Records from a data collection:
▼

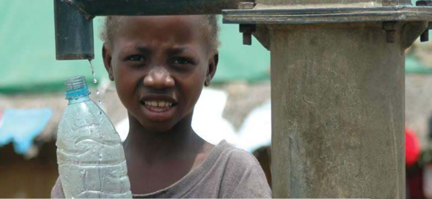
សុវត្ថិភាពសំរាប់ជនភៀសខ្លួន ទីករបស់ក្មេងស្ត្រីប្រាមមកពីជំរុំ IDP នៅទីក្រុង ចាតុនដូ ក្នុងប្រទេស ស៊ីរីយ៉ា

ប្រមាណជា ៦០ភាគរយ នៃយុវវ័យកំពុងរស់នៅជាមួយមេ រោគអេដស៍-ជំងឺអេដស៍នៅ អាហ្វ្រិក គឺជា ស្ត្រី និងក្មេង ស្រី ។ រចនាសម្ព័ន្ធនៃអំណាចមិនស្មើគ្នា និងការរើសអើង ផ្នែកយេឌីវ ធ្វើឱ្យពួកគេកាន់តែមានភាពងាយរងគ្រោះនៃ ការឆ្លង ហើយទទួលបានបន្ទុកចំពោះភាពក្រីក្រ អំពើហិង្សា និង ភាពអយុត្តិធម៌ យ៉ាងធ្ងន់ធ្ងរ ។
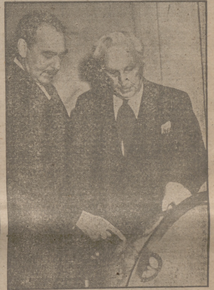
Dan Acheson, secretario interino de Estado, y Charles R. Eaton, presidente del Comité de Asuntos Extranjeros de la Casa Blanca, señalan en el globo la posición de Grecia y Turquía, amenazadas por el imperialismo ruso.

WASHINGTON, 2 (1 t.).—La división de opiniones en el Senado norteamericano sobre la ayuda a Grecia y Turquía va a determinar que esta cuestión sea sometida a las Naciones Unidas, según comunica la United Press. Algunos de los senadores que discrepan estiman que la organización mundial podría resolver el problema satisfactoriamente, y otros opinan que, por el contrario, la intervención de dicho organismo podría debilitarlo.
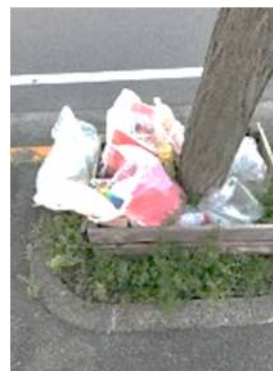
捨てる場所ではありません
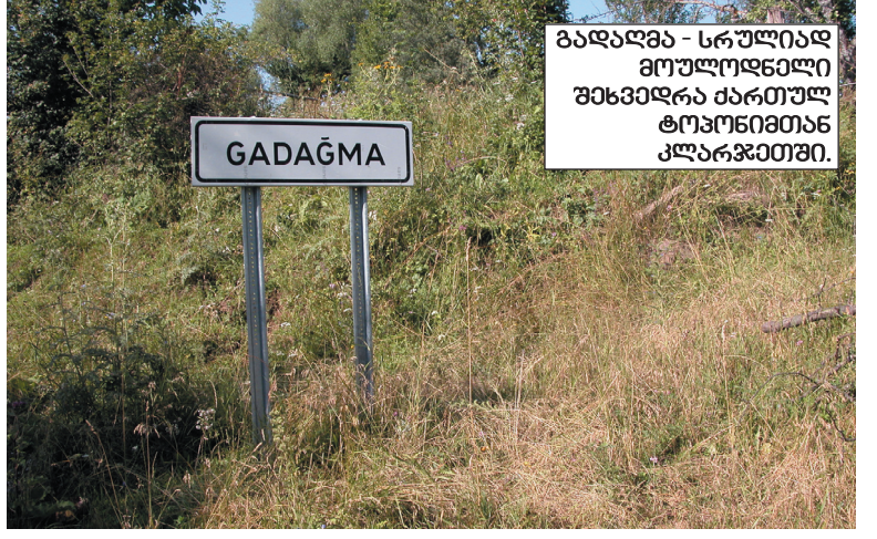
გადაღმა - სრულიად მოულოდნელი შიხვიდრა ქართულ ტოპონიმთან კლარჯეთში.
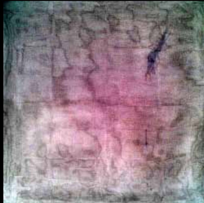
"La piel", de Ana Esther Balboa. Según la autora, en este cuadro se intuyen las heridas que están en el interior de la mujer maltratada. En la piel sólo se ve una ligera huella que va cicatrizando poco a poco. "Uno avanza en su vida, trata de olvidar las heridas, el dolor, pero estas dejan una huella en nuestro interior que permanece".
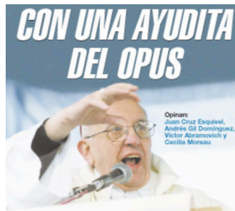
Imagen de tapa del 12/07/2010

simbólica con la función de categorización y señalamiento, transformando un rostro en emblema de un antagonismo político-cultural.
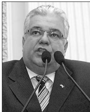
MORAES E NEGROMONTE - Exaltação à conduta ética
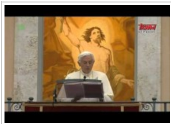
Aniół Pański z Ojcem Świętym Benedyktem XVI
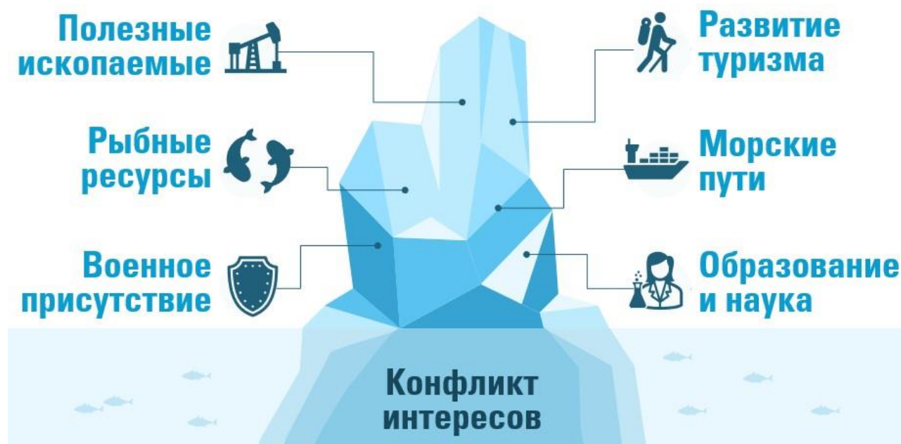
Рисунок 1 – Сферы интересов стран в Арктике
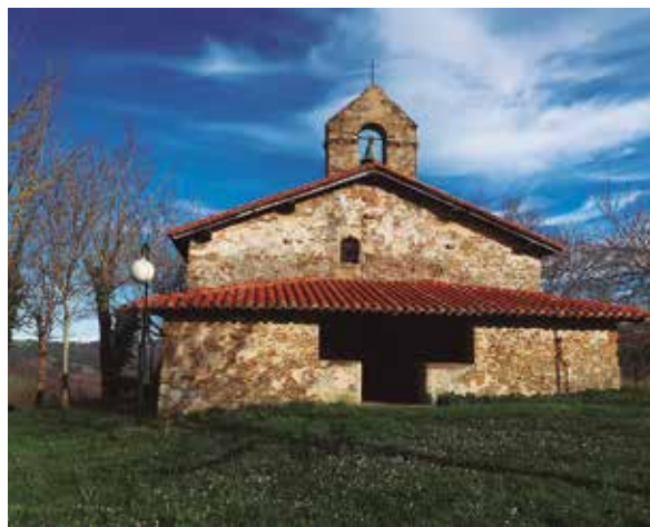
Ermita de San Lorenzo o San Lorente, antes de llegar a Zumaia.

Km 32,73: La pista se incorpora a otra junto a una chabola blanca (147 m) y giramos a izquierda, al encinar.
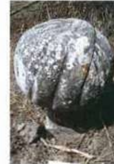
Res. 35. Doğu Mezarlığında bulunan sarklı mezar taşı.
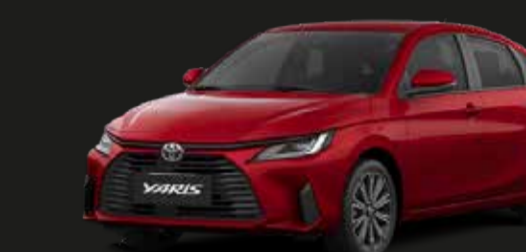
Rojo Mica Metálico (3R3)
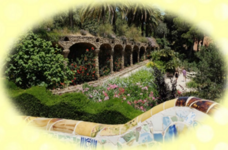
Le parc Guell de Gaudi
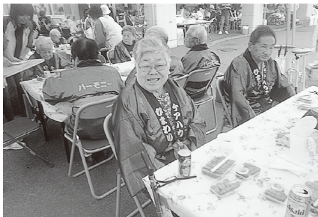
「やっぱりお祭りは楽しいね」いい笑顔ですネ。
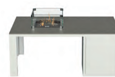
ALESSO 120 COLLECTA blanco / gris plomo

Estructura: Ref: ALEB0120 | EAN: 8414706006938 Sobre: Ref: ENCA0120 | EAN: 8414706006990
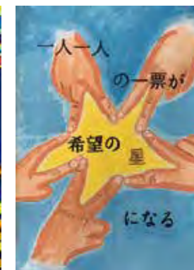
関口 結佳理 (原中2年)
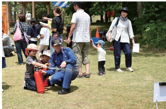
猪苗代消防署の消火体験に挑戦する来場者
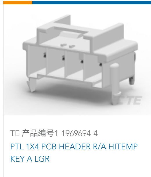
TE 产品编号1-1969694-4 PTL 1X4 PCB HEADER R/A HITEMP KEY A LGR
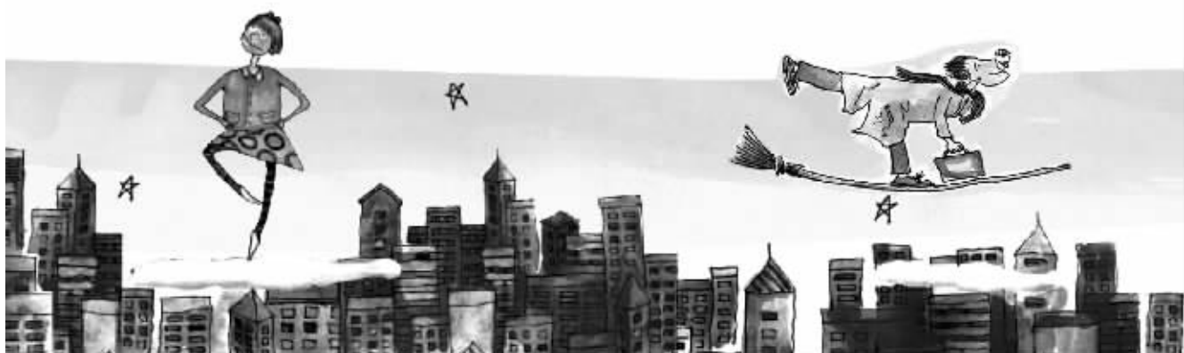
绘图/鲁嘉 插画师 美国SND插图奖获得者 已婚

24小时读者热线:96060 都市圈圈网www.dsqq.cn 责编:杨超 组版:黄伟
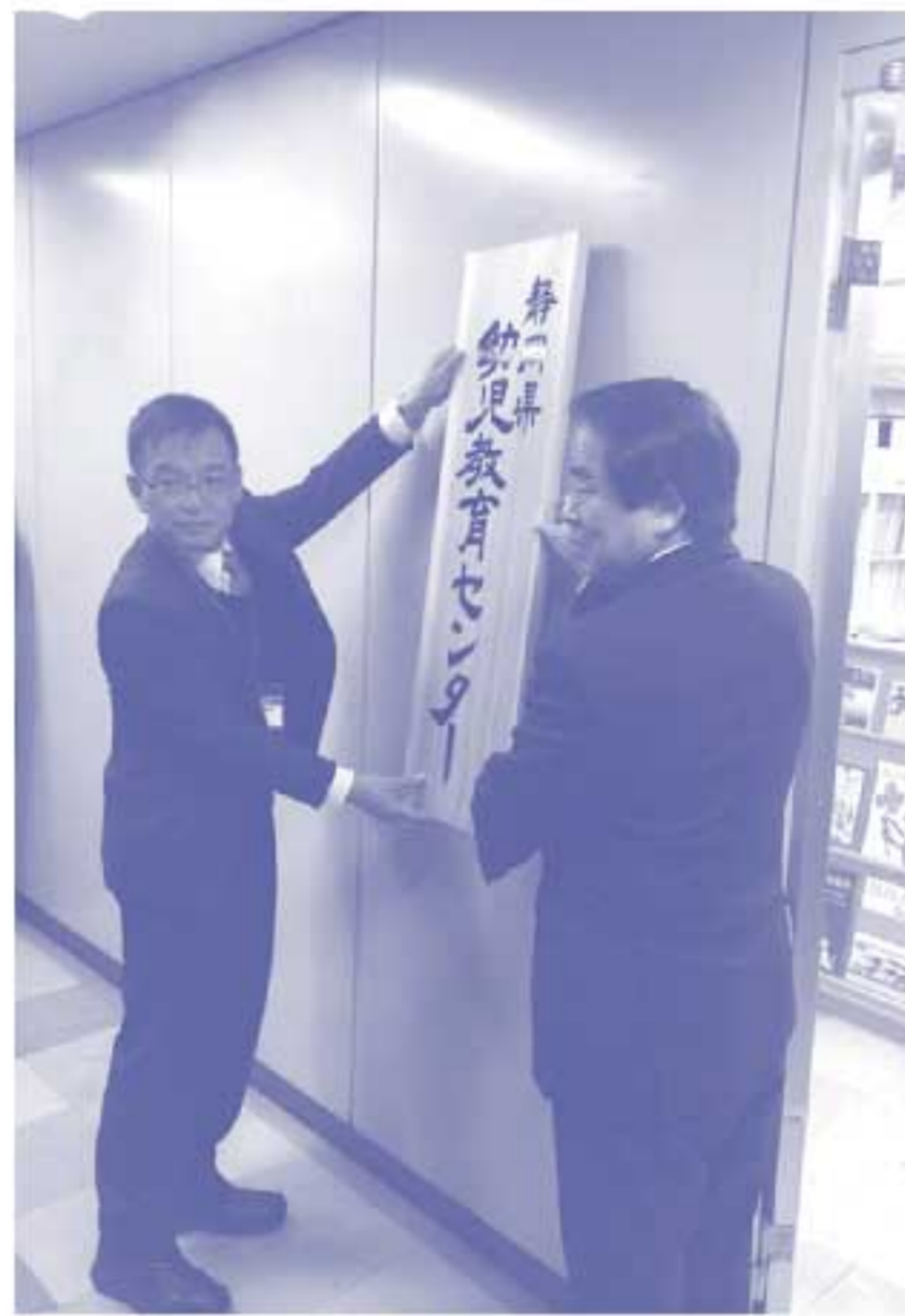
開所記念セレモニーより

すべては子どもたちの笑顔のために 平成28年4月、静岡県幼児教育センターが県庁西館7階に開設されました。センターでは、幼児教育

▲

> **Task objective**
In your copy of the records above, include every line exactly but no pictures.

> **Task answer**
សុវត្ថិភាពសំរាប់ជនភៀសខ្លួន ទីករបស់ក្មេងស្ត្រីប្រាមមកពីជំរុំ IDP នៅទីក្រុង ចាតុនដូ ក្នុងប្រទេស ស៊ីរីយ៉ា

ប្រមាណជា ៦០ភាគរយ នៃយុវវ័យកំពុងរស់នៅជាមួយមេ រោគអេដស៍-ជំងឺអេដស៍នៅ អាហ្វ្រិក គឺជា ស្ត្រី និងក្មេង ស្រី ។ រចនាសម្ព័ន្ធនៃអំណាចមិនស្មើគ្នា និងការរើសអើង ផ្នែកយេឌីវ ធ្វើឱ្យពួកគេកាន់តែមានភាពងាយរងគ្រោះនៃ ការឆ្លង ហើយទទួលបានបន្ទុកចំពោះភាពក្រីក្រ អំពើហិង្សា និង ភាពអយុត្តិធម៌ យ៉ាងធ្ងន់ធ្ងរ ។
Dan Acheson, secretario interino de Estado, y Charles R. Eaton, presidente del Comité de Asuntos Extranjeros de la Casa Blanca, señalan en el globo la posición de Grecia y Turquía, amenazadas por el imperialismo ruso.

WASHINGTON, 2 (1 t.).—La división de opiniones en el Senado norteamericano sobre la ayuda a Grecia y Turquía va a determinar que esta cuestión sea sometida a las Naciones Unidas, según comunica la United Press. Algunos de los senadores que discrepan estiman que la organización mundial podría resolver el problema satisfactoriamente, y otros opinan que, por el contrario, la intervención de dicho organismo podría debilitarlo.
捨てる場所ではありません
გადაღმა - სრულიად მოულოდნელი შიხვიდრა ქართულ ტოპონიმთან კლარჯეთში.
"La piel", de Ana Esther Balboa. Según la autora, en este cuadro se intuyen las heridas que están en el interior de la mujer maltratada. En la piel sólo se ve una ligera huella que va cicatrizando poco a poco. "Uno avanza en su vida, trata de olvidar las heridas, el dolor, pero estas dejan una huella en nuestro interior que permanece".
Imagen de tapa del 12/07/2010

simbólica con la función de categorización y señalamiento, transformando un rostro en emblema de un antagonismo político-cultural.
MORAES E NEGROMONTE - Exaltação à conduta ética
Aniół Pański z Ojcem Świętym Benedyktem XVI
Рисунок 1 – Сферы интересов стран в Арктике
Ermita de San Lorenzo o San Lorente, antes de llegar a Zumaia.

Km 32,73: La pista se incorpora a otra junto a una chabola blanca (147 m) y giramos a izquierda, al encinar.
Res. 35. Doğu Mezarlığında bulunan sarklı mezar taşı.
Rojo Mica Metálico (3R3)
Le parc Guell de Gaudi
「やっぱりお祭りは楽しいね」いい笑顔ですネ。
ALESSO 120 COLLECTA blanco / gris plomo

Estructura: Ref: ALEB0120 | EAN: 8414706006938 Sobre: Ref: ENCA0120 | EAN: 8414706006990
関口 結佳理 (原中2年)
猪苗代消防署の消火体験に挑戦する来場者
TE 产品编号1-1969694-4 PTL 1X4 PCB HEADER R/A HITEMP KEY A LGR
绘图/鲁嘉 插画师 美国SND插图奖获得者 已婚

24小时读者热线:96060 都市圈圈网www.dsqq.cn 责编:杨超 组版:黄伟
開所記念セレモニーより

すべては子どもたちの笑顔のために 平成28年4月、静岡県幼児教育センターが県庁西館7階に開設されました。センターでは、幼児教育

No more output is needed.